I fill it with my own mixture of 2 parts compost (I get this from a local company that composts garden debris on a huge scale, it is similar to potting soil you buy at a garden center), 1 part perlite and 1 part sand or peat moss. (I am sure there are better mixtures but I used what I had on hand and I have had success with this in the past).
The crate has slats on the bottom but there are wide gaps between the slats so this drains very well.
I have it sitting on the gravel floor of my greenhouse in an area that direct sunlight will not hit but it still gets plenty of bright light.
I will fill the box more with my potting mix until it is nearly full.
Cover for Humidity
These fish tanks come in handy in creating a mini greenhouse effect while being tall enough for longer cuttings. They last for years if proper care is taken.
When & How to Take Lilac Cuttings
Choose new growth just after the Lilacs is done blooming. This varies by your growing Zone. For me that is June. Cut a branch about 8 to 12 inches long.
Take plenty of cuttings, there is about a 50/50 success rate so the more you try to start the more chance of success.
How to Prepare Lilac Cuttings
I haul them all to my potting bench and begin.
If the cutting is 8 inches I leave it that long, if it is 12 inches I cut it in half. Strip most of the leaves from the cutting.
Coat the ends into the rooting medium aka cloning Gel.
I use a small paint brush to cover the length of stem that will be under the growing medium.
Below you can see nodes on the stem, that is where roots begin and you want a good portion of nodes below the soil line. You want to try and get at least 3 nodes under the soil line.
You may have noted some of these are also rose cuttings. I like to fill up my box when I am doing cuttings.
Once they are all dipped in the cloning gel sink them down into the potting soil mixture. First use a dauber (a pencil works well) to create a hole to slide the cuttings down into the soil without removing the cloning gel.

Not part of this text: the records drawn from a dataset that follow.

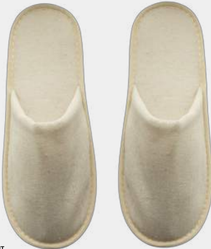
01 - FRONT

fabric with a cotton piping tone-on-tone and a 3mm "I'm green™" polyethylene.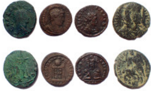
633 Lot of 4 Roman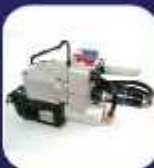
POLI WELDING 10/19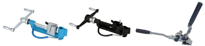
ABB Ty-Met Cable Ties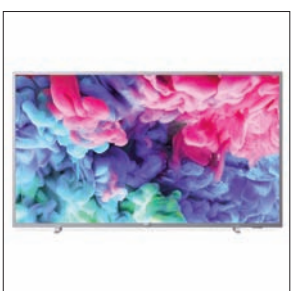
TV LED SMART 4K, UHD ultrasubtire (diagonala ecran: 126 cm) Cod 025 010 130 045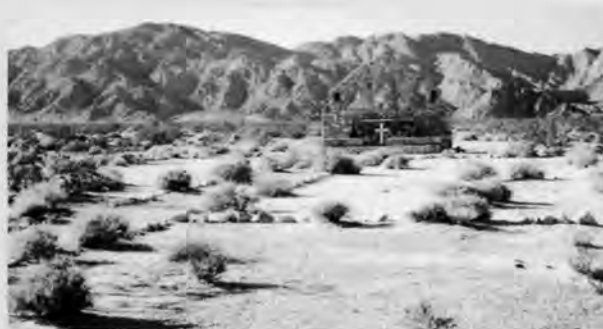
Altar remaining at the site of Camp Iron Mountain, San Bernardino County, CA.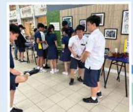
Traditional Games booths in the canteen during the various levels' recesses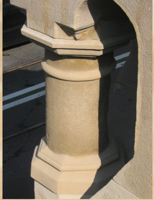
Fig.: 26, 27.: Cracow; Reconstructions made using stainless steel armatures and two ready made mixes by Baunit and Remmers, upper part mixed with Remmers Hafffest for better adhesion.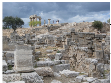
Ancient city of Corinth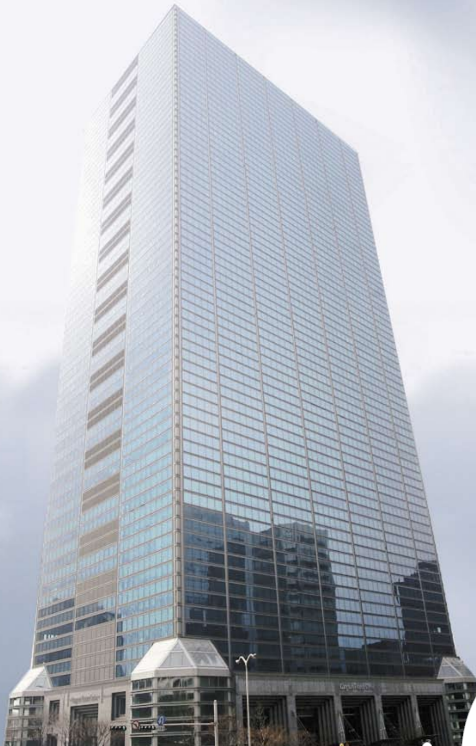
Water supply 6 Grundfos Hydro 2000 MF pressure boosting systems featuring CR32 and CR8 in-line pumps 2 CR multistage in-line pumps

I place them far enough apart they do not touch each other and away from the edges so they will not touch the glass of the cover.
I should take off more leaves, the leaves tend to be where the fungus starts but for photo purposes I will leave them on, easier to see where the cuttings are.

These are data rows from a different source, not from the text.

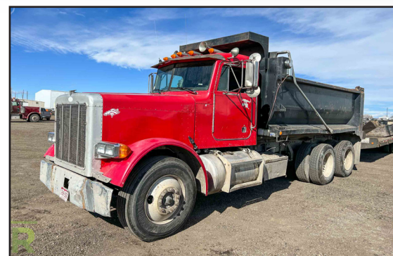
1995 PETERBILT 379 T/A DUMP TRUCK W/ CUMMINS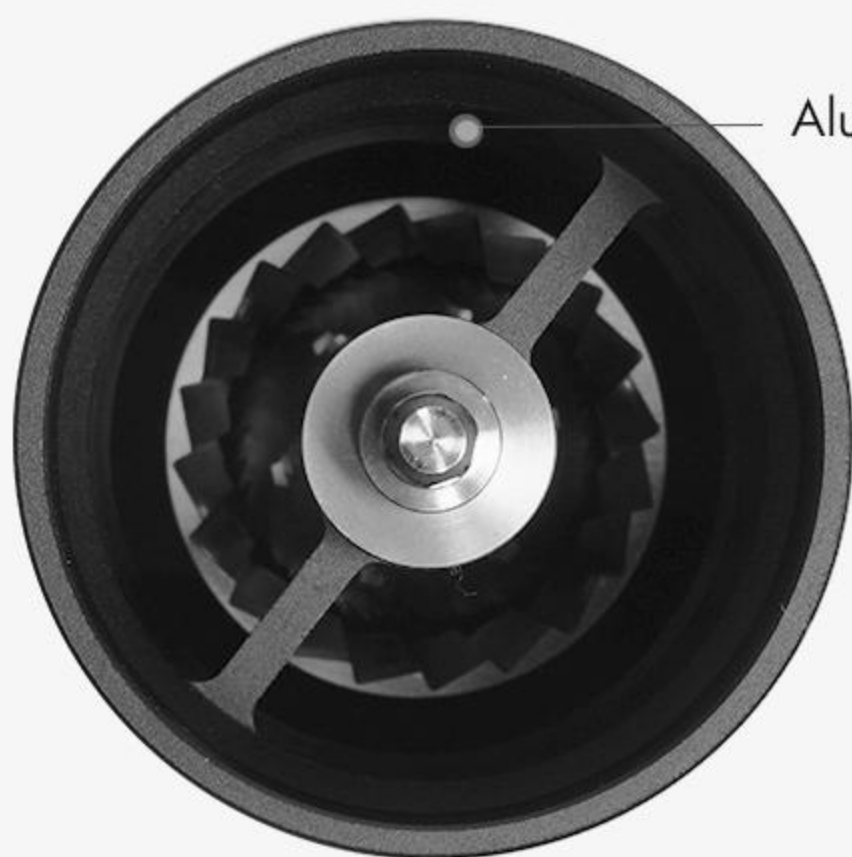
Aluminum Alloy Support

Solid Aluminum Alloy supports to fix dual bearings Two precise bearings to fix center shaft to make sure high concentricity and high constancy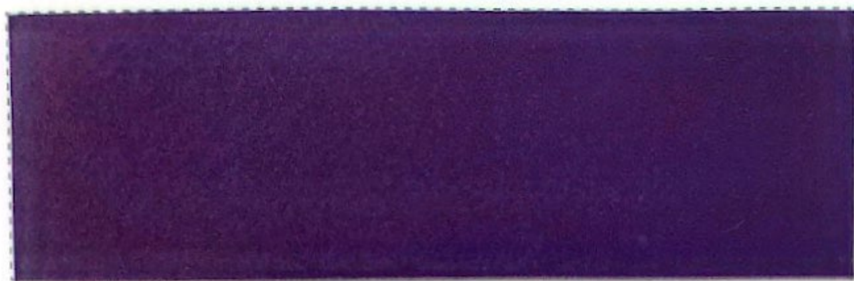
CM8281/CM8281WR 10-40 G-Y-R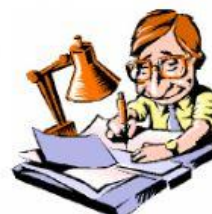
(zuò jiā) writer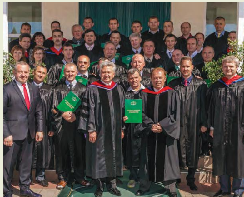
Graduates and staff at the 2017 ceremony.

Thanks to the support of SGA partners, more men and women have been able to access the great educational opportunities that exist at Irpen. Even more would like to be able to study, and the need is enormous with the number of new churches being planted. ♦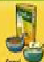
Cereal Cooked: 30 g Raw: 125 ml (1/2 cup)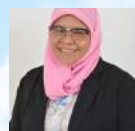
MAIMUNAH MOHD SHARIF Executive Director-UN-Habitat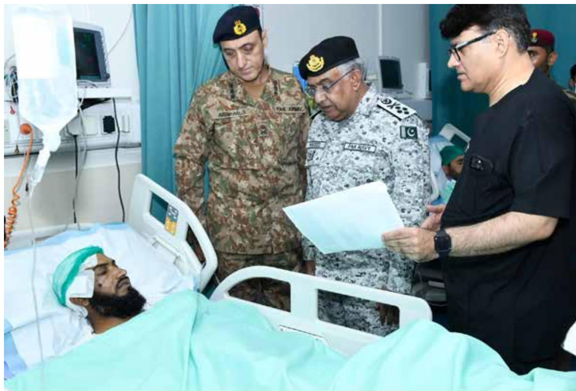
RAWALPINDI: Chief of the Naval Staff Admiral Naveed Ashraf visits Combined Military Hospital (CMH) and pays tribute to injured troops of operation Bunyanum Marsoos.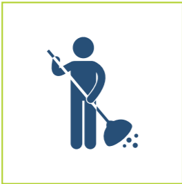
Civic Participation and Employment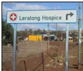
Signage for Leratong from Maunde Street, Atteridgeville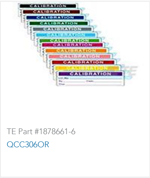
TE Part #1878661-6 QCC306OR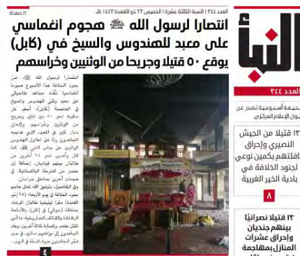
Right: The text of the editorial in Al-Naba weekly (Al-Naba weekly, Telegram, June 23, 2022)

►Following the attack on the Sikh temple in Afghanistan, which ISIS described as an act of revenge against the Hindu and Sikh “infidels,” carried out in light of statements made by members of India’s ruling party against the Prophet of Islam, ISIS felt that it had an advantage over other Islamic elements, since those elements made do with threats. Therefore, it is attempting to present itself as a “defender of Islam” and its Prophet, in order to leverage this to strengthen its status, garner support and recruit operatives. This idea also appeared in the Al-Naba weekly’s lead article, which was devoted to the Sikh temple attack, presenting it as an act of protecting the good name of the Prophet and the Sikh temple as a “Sikh and Hindu temple,” in order to include India’s Hindu majority in the equation 2 .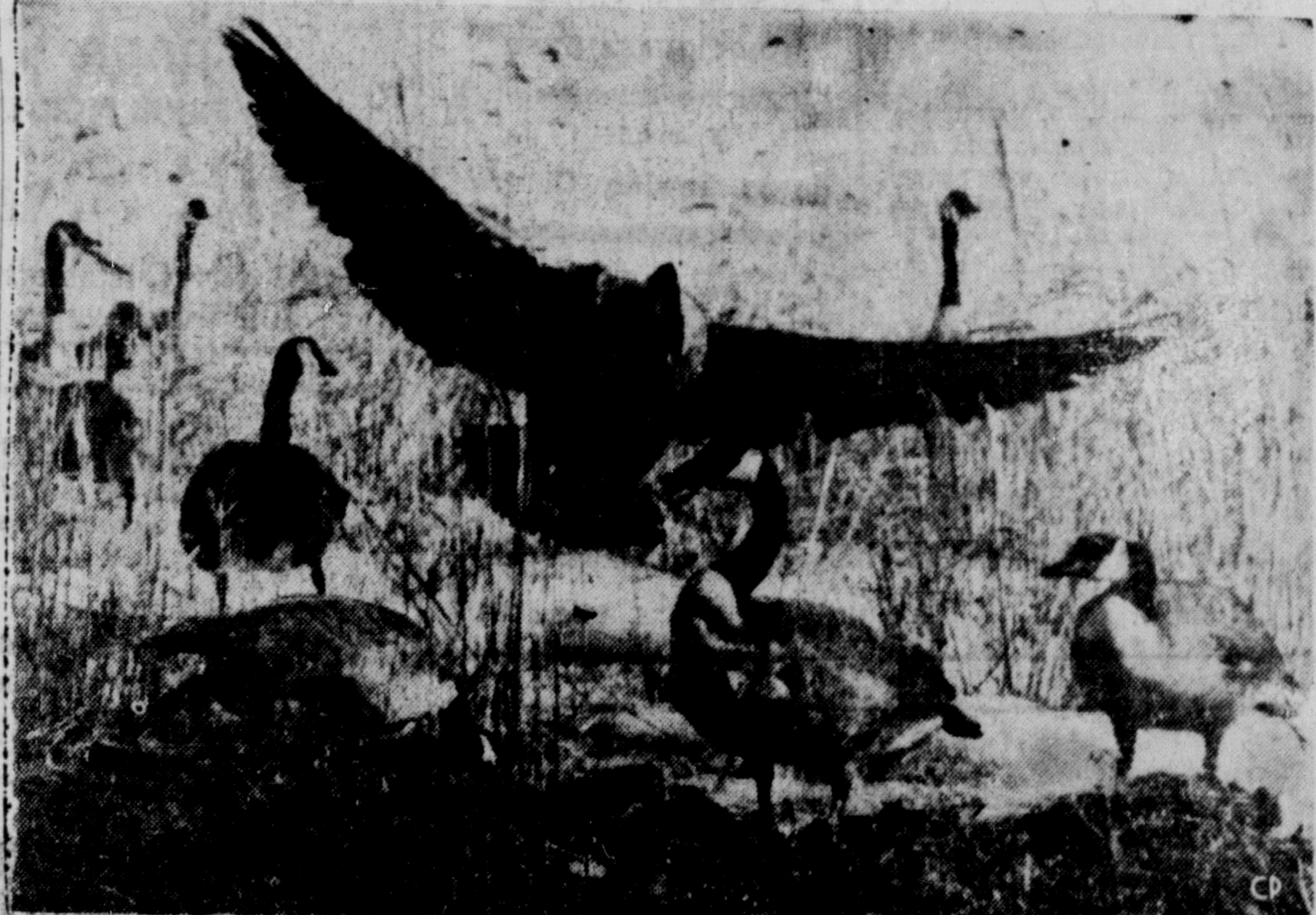
FREE AT LAST—Eighty Canada geese stretch their wings and flap from a wire pen into the windy skies above Delta Waterfowl Research Station on the southern tip of Lake Manitoba. They were released as part of an experiment to re-establish birds on the marsh. Wild Canada geese have not bred there for many years.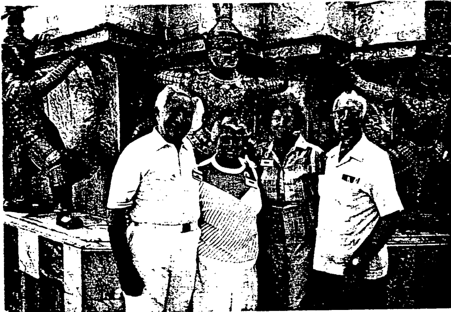
Recalling days of danger and glory: OSS vets and spouses at Bangkok's Grand Palace

Back at Bangkok's Oriental Hotel, the oldsters gabbed away a final evening on the banks of the Chao Phraya, the River of Kings, which flows through the heart of Bangkok. "If I had to launch an operation to blow up a bridge, I'd use one of those rice boats out there to get to the target," said Jones, pointing at a low-slung craft that floated slowly by. There was no war, no bridge, no operation. But there was still a bit of fire left in the warriors from OSS. —By Dean Brelva/Bangkok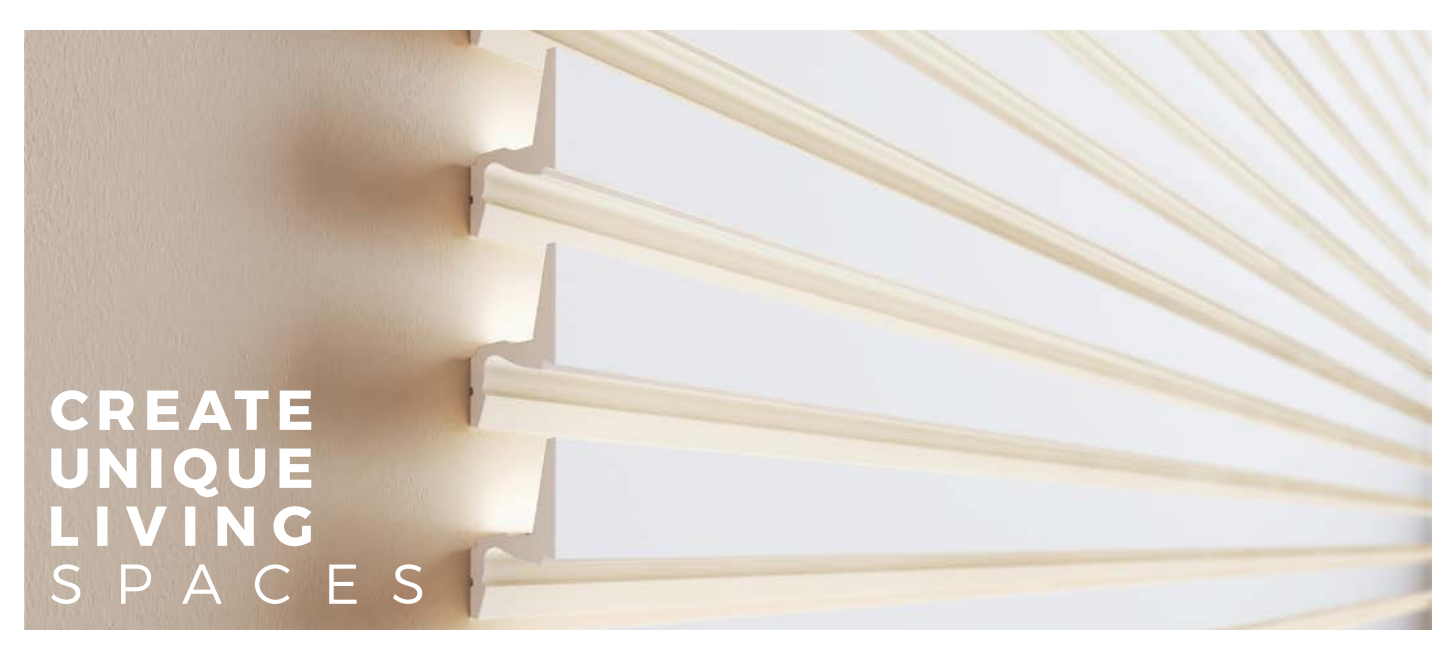
IL7 (ARSTYL®) with memory effect

The memory-effect mouldings, which integrate pre-existing mouldings into the new ones, can be charmingly integrated into a host of design worlds – either to add a touch of lightness to a classic look, or to give a traditional touch to a minimalistic interior.

After placing all the cuttings in the box I carefully set the cover over them.
Note there is s space around the fish tank where potting soil shows. That is how to water without lifting the tank. You want to keep the soil moist but not too wet. You shouldn’t need to water often. The tank cover will keep the soil moist for long periods of time.
Put something under the tank edge to prop it up half an inch or so for air flow. I use a small flat stone, nothing fancy.
How long for Lilacs to Root?
You should have roots in one to two months. You can leave newly rooted cuttings in place to develop further or you can pot up into individual pots to grow on. I let mine grow in pots until firmly established and hardy enough to take the rigors of garden life.
How long before Lilac cuttings will bloom?
Lilacs can take three years or more to bloom from cuttings. Want faster bloom then visit How to Propagate Lilacs from Suckers and get a larger plant faster!
Before you know it you will be picking beautiful bouquets like this one.
And create heavenly scented displays for your home.